As it intensifies its fight against tax evasion, the Kenya Revenue Authority (KRA) plans to spend Sh109.93 million on information collection and forensic analysis technologies.
KRA anticipates spending Sh29.93 million on a surveillance collecting system and Sh80 million on forensic science equipment, according to an annual procurement plan for 2022-2023.
In May of this year, the taxman made known that it was establishing a cutting-edge forensic lab that would enable it to extract data, including secret accounts and records, from taxpayers’ computers and mobile phones to identify tax and financial fraud.
According to KRA, the purpose of the digital lab will be to forensically acquire, extract, and find electronic evidence.
The department said in a declaration on the new laboratory that “a lot of information that was gathered during inquiries is of a digital investigative nature, such as e-mails, texts, video, audio, image files, and other transactional data on hard discs and other storage media.”

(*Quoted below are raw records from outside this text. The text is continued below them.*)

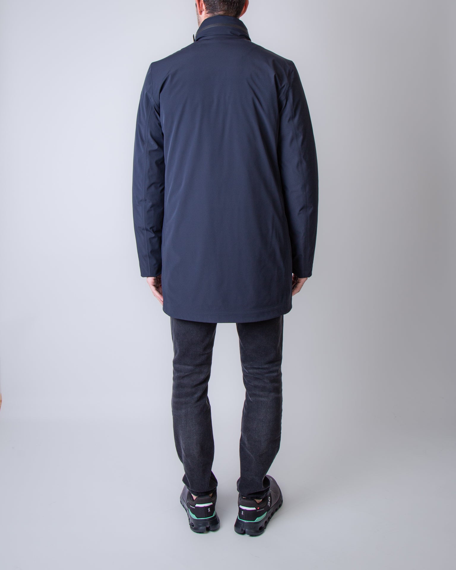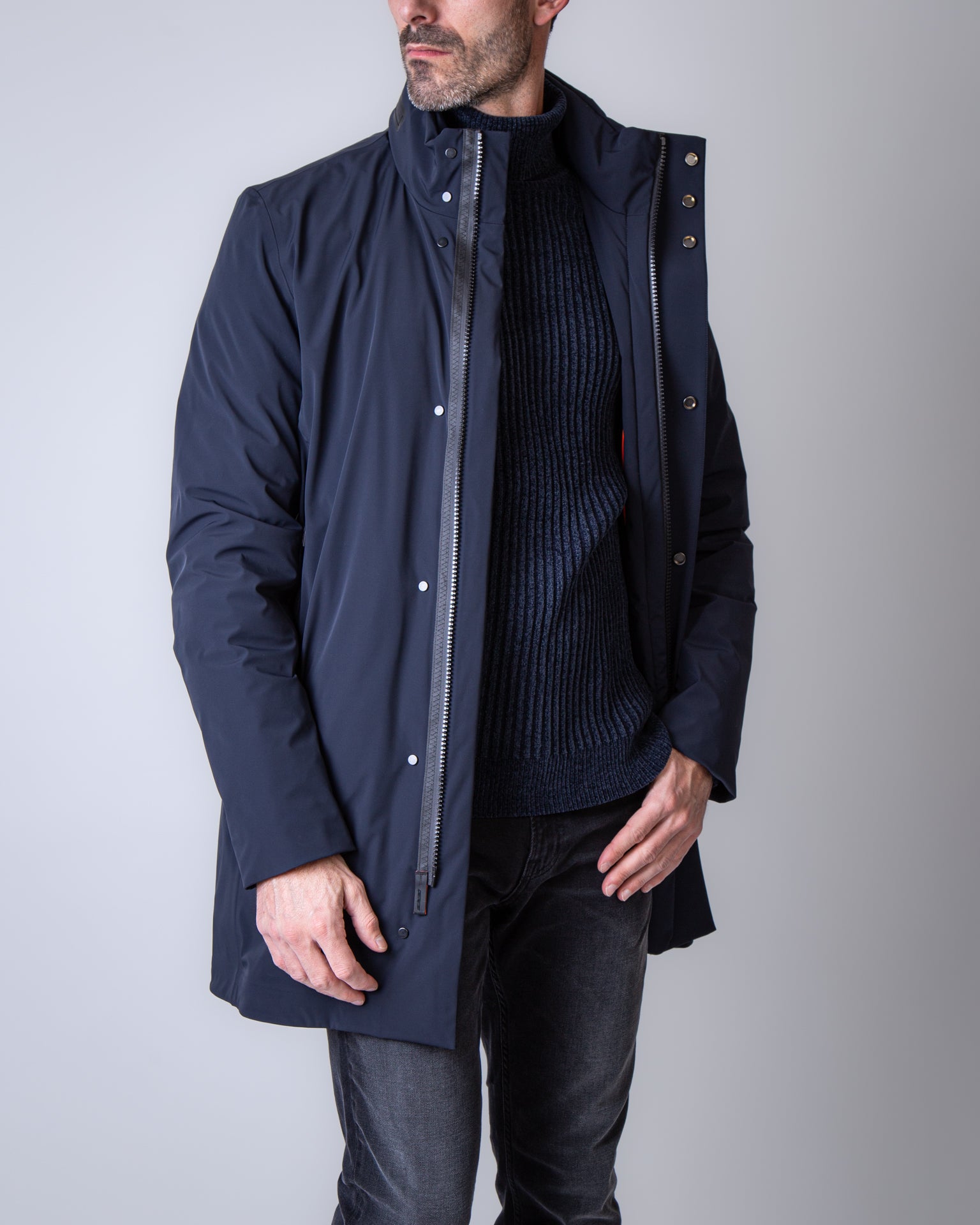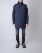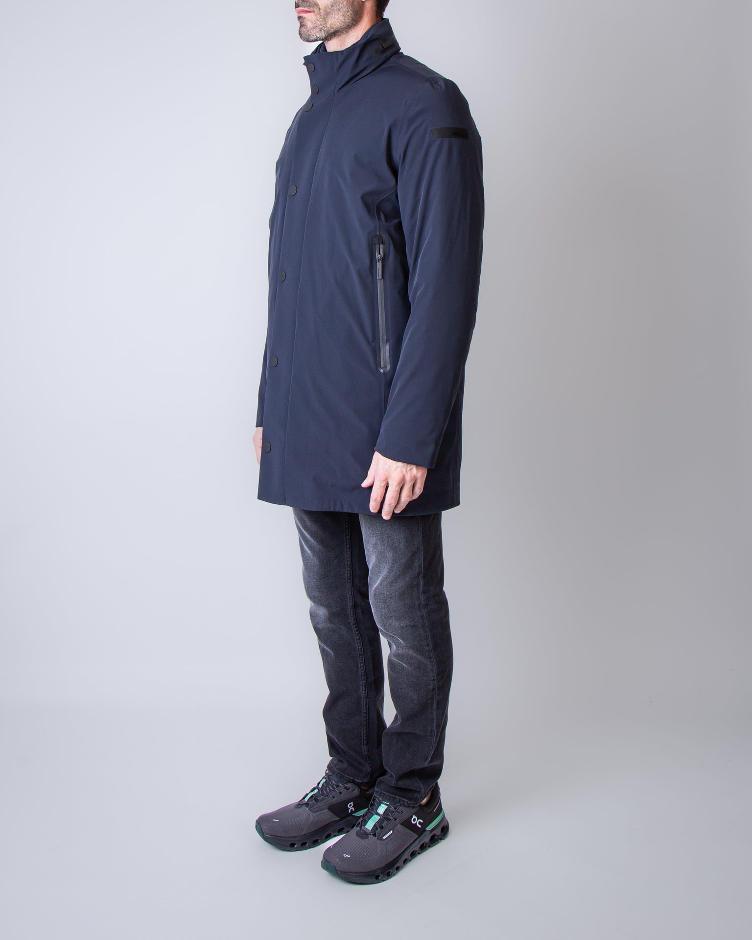 RRD, cappotto uomo W25060 60 blu, montecristo cappotto, raincoat tecnico no cappuccio. Il modello è alto 186 cm e indossa la taglia 52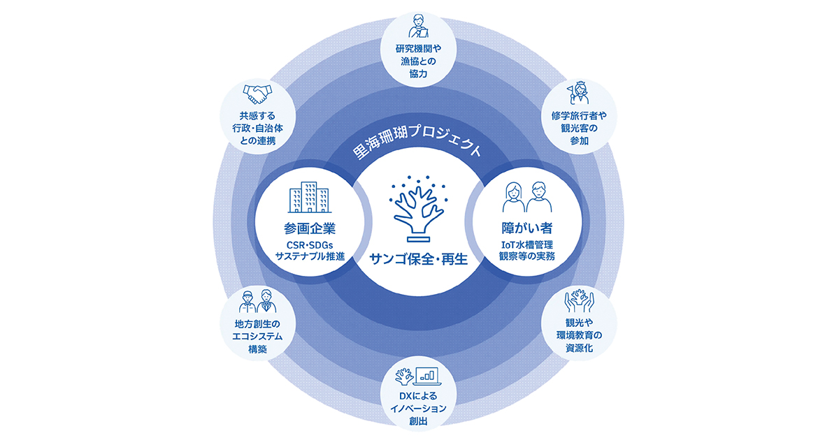 珊瑚の保全活動では海中での養殖と植え付けが一般的だが、村上氏は陸上で養殖して海中に植え付ける方式を採った。カギを握るのは水温や水質などをモニタリングするデジタルサイネージや水槽データ管理アプリケーションなど、最新テクノロジーを活用した「水槽DX」で、その管理業務を障がい者が担うスキームを考案。村上氏は2025年4月22日のアースデーに里海珊瑚プロジェクト株式会社を設立し、12月には東京(千代田区神田淡路町)にショールームとなる拠点をオープン。障がい者雇用が必要な企業を広く募っている。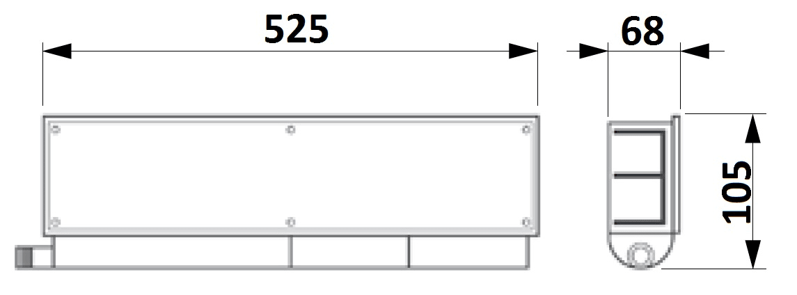Scatola per la predisposizione con vaschetta scarico condensa reversibile, guarnizioni e viti per coperchio. Uscite: 1 x Ø 18-20 mm. Dimensione: 525x105x68 mm.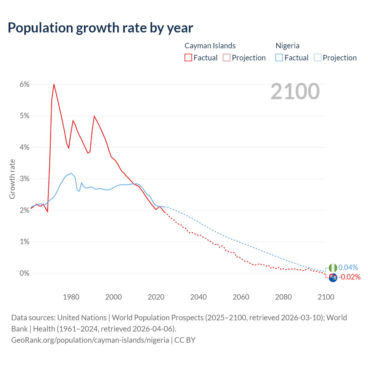 - For the last 10 years, the Cayman Islands has had an average growth rate of +2.19% per year vs +2.31% in Nigeria.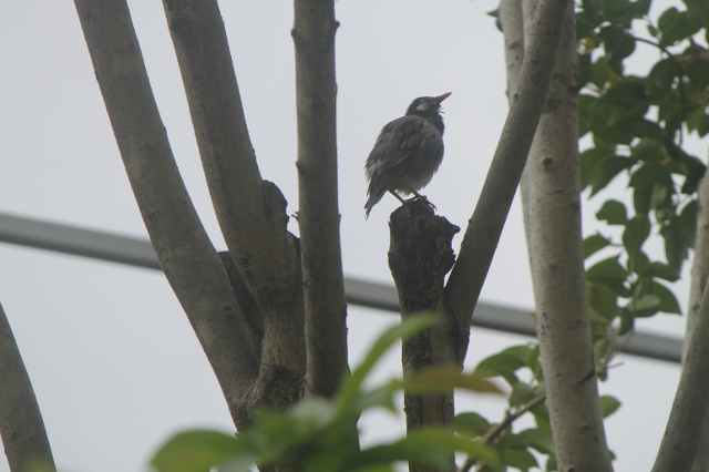 朝一番にギィーギィーとかなりうるさい鳥がやってきました。ベランダに出て鳥の声のする方をながめると、ヒナのような鳥が木の上に留まっていました。急いでカメラを準備して望遠で撮影しましたが、木の上に留まっている姿はこの一枚しか撮れませんでした。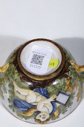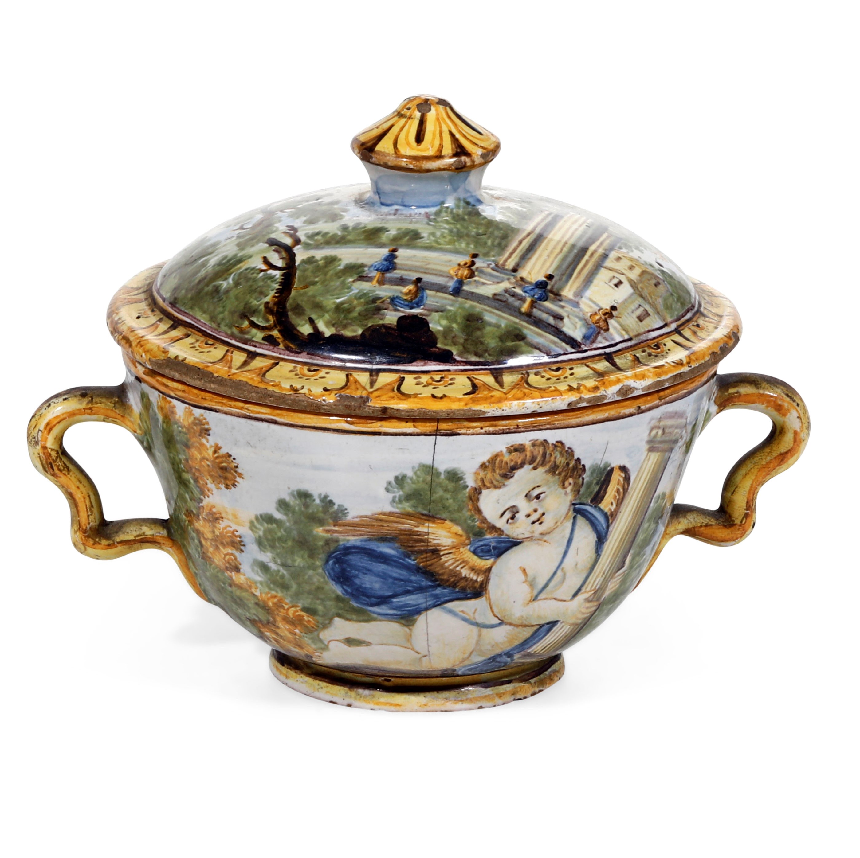 La tazza da brodo biansata, con coperchio dalla presa piriforme, è decorata in policromia a gran fuoco con due putti alati, di cui uno tiene nelle mani una colonna architettonica, l’altro uno specchio o un quadretto. Il resto della superficie è dipinto con un paesaggio alberato senza soluzione di continuità. Il coperchio è abitato da piccoli viandanti tra rovine architettoniche, edifici e vegetazione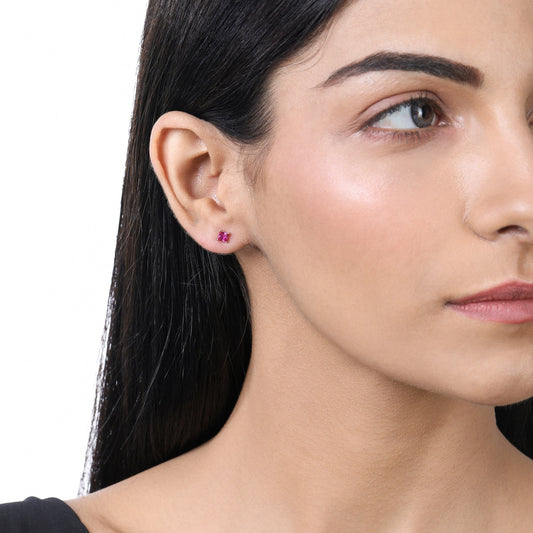 Solid Gold 0.56ct Ruby Square Stud Earrings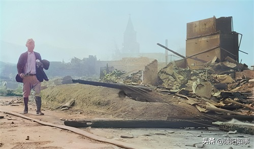 长崎县中町附近,核弹“胖子”摧毁的现场,满目疮痍,一名穿军服的男子无所适从。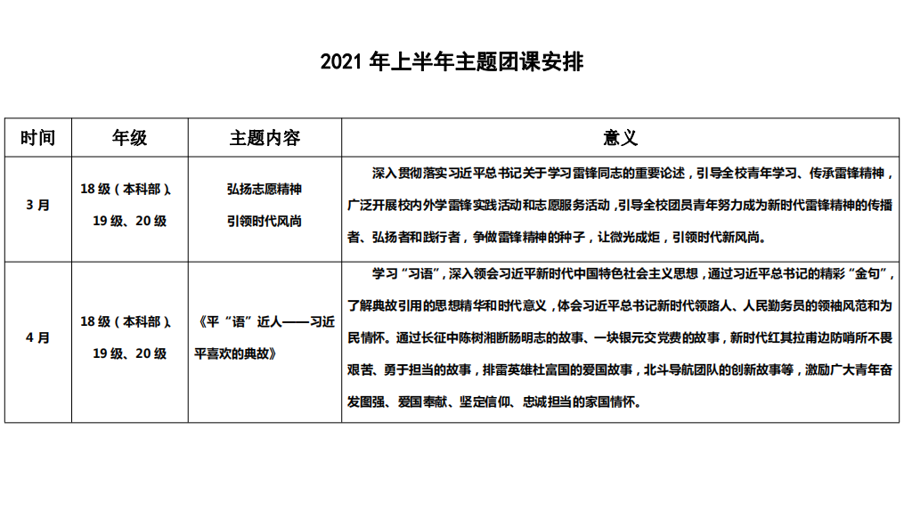 向善、勇于担当。校团委对 2021 年上半年主题团课的内
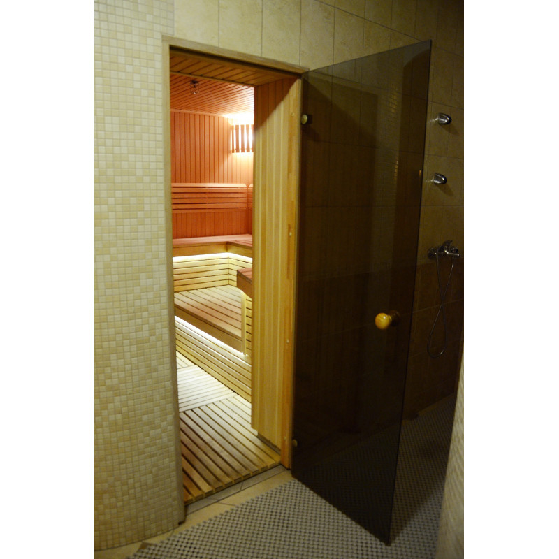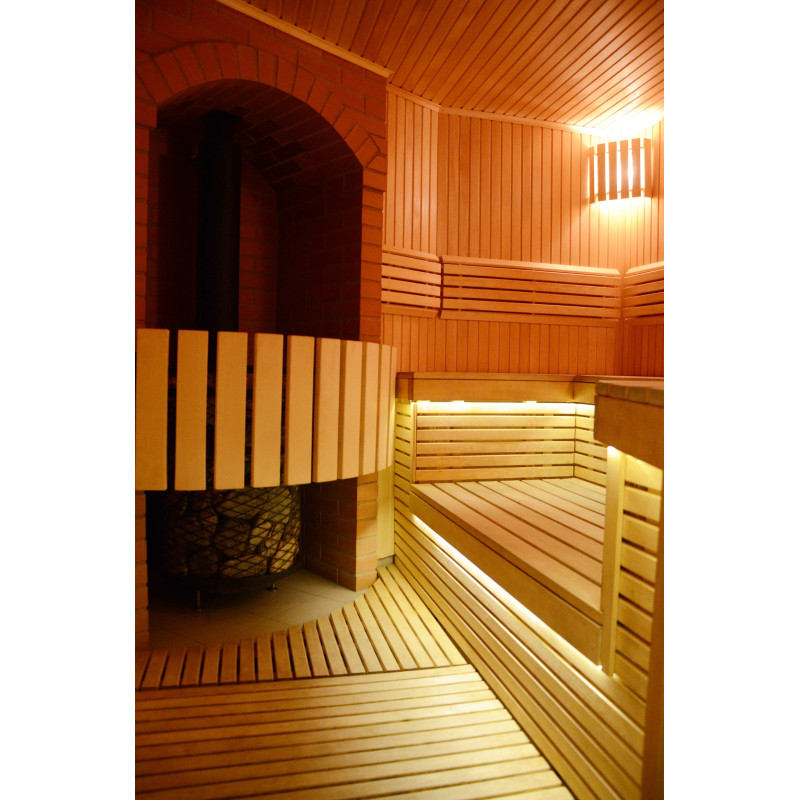 Pirties sienos ir gultai pagaminti iš aukščiausios rūšies liepos medienos dailylenčių, kurios pasižymi savo šviesia gražia spalva, skleidžia malonų natūralų aromatą. Iš medienos taip pat pagaminti šviestuvų gaubtai, nugaros atramos ir originali apsauginė tvorelė aplink krosnelę.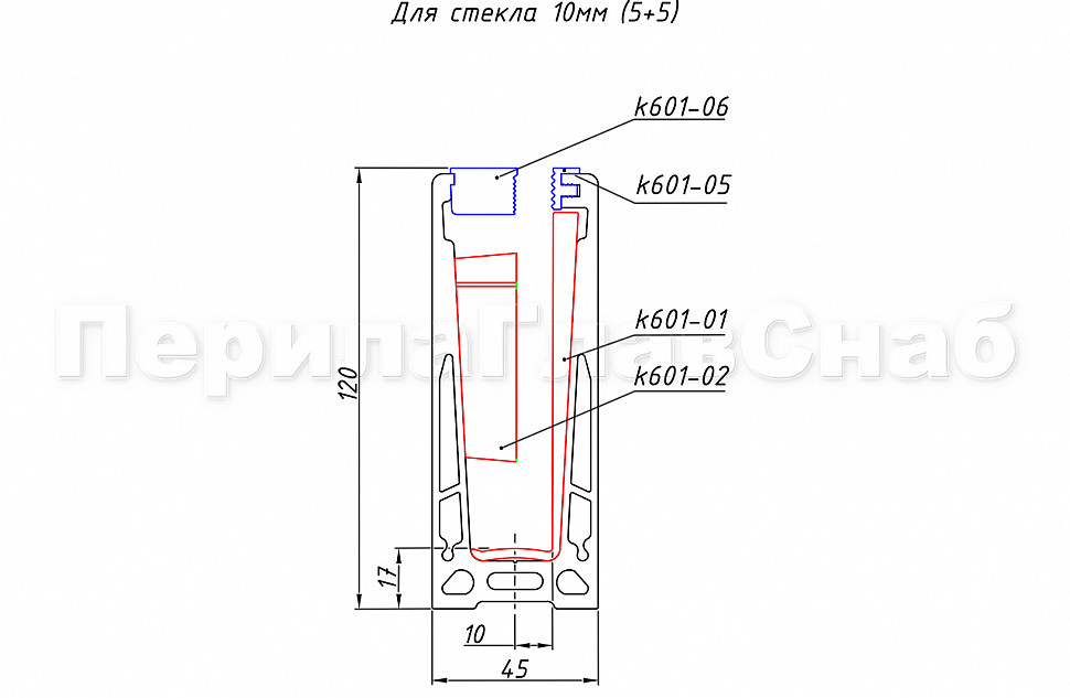 k601 — профиль для ограждений на несущем стекле ( для стеклянных ограждений). Алюминиевый профиль чаще всего используется при строительстве таких объектов, как торговые дома, бизнес-центры, отели, спортивные сооружения. Максимально допустимая высота ограждения может доходить до 1200 мм, боковая нагрузка – до 430 кг.

To reassemble the transactions while offering insights into complex crimes, it was emphasised that the investigations of such crimes “require sophisticated data acquisition, mining, analytics, and storage tools in addition to technical expertise.”
The initiative by the taxman’s newly established intelligence management division coincides with a significant movement among firms towards electronic record-keeping and internet transactions in place of conventional paper-based accounting systems.
Currently, many significant firms, including several multinationals and mobile phone carriers, provide KRA staff with floppy copies of their transaction records.
However, the move to online transactions has presented challenges for tax audit and investigation teams due to certain businesses’ rising propensity to conceal their true financial activities and accounts.
The KRA’s vigorous tax recovery and collection efforts helped increase revenue collection by a fifth in the year ending in June 2022, the greatest yearly growth margin ever seen by the organisation.
It exceeded the previous record of 21% observed in the 2006/2007 fiscal year with revenue growth of 21.7 Percent, or Sh148.9 billion, to reach Sh2.03 trillion.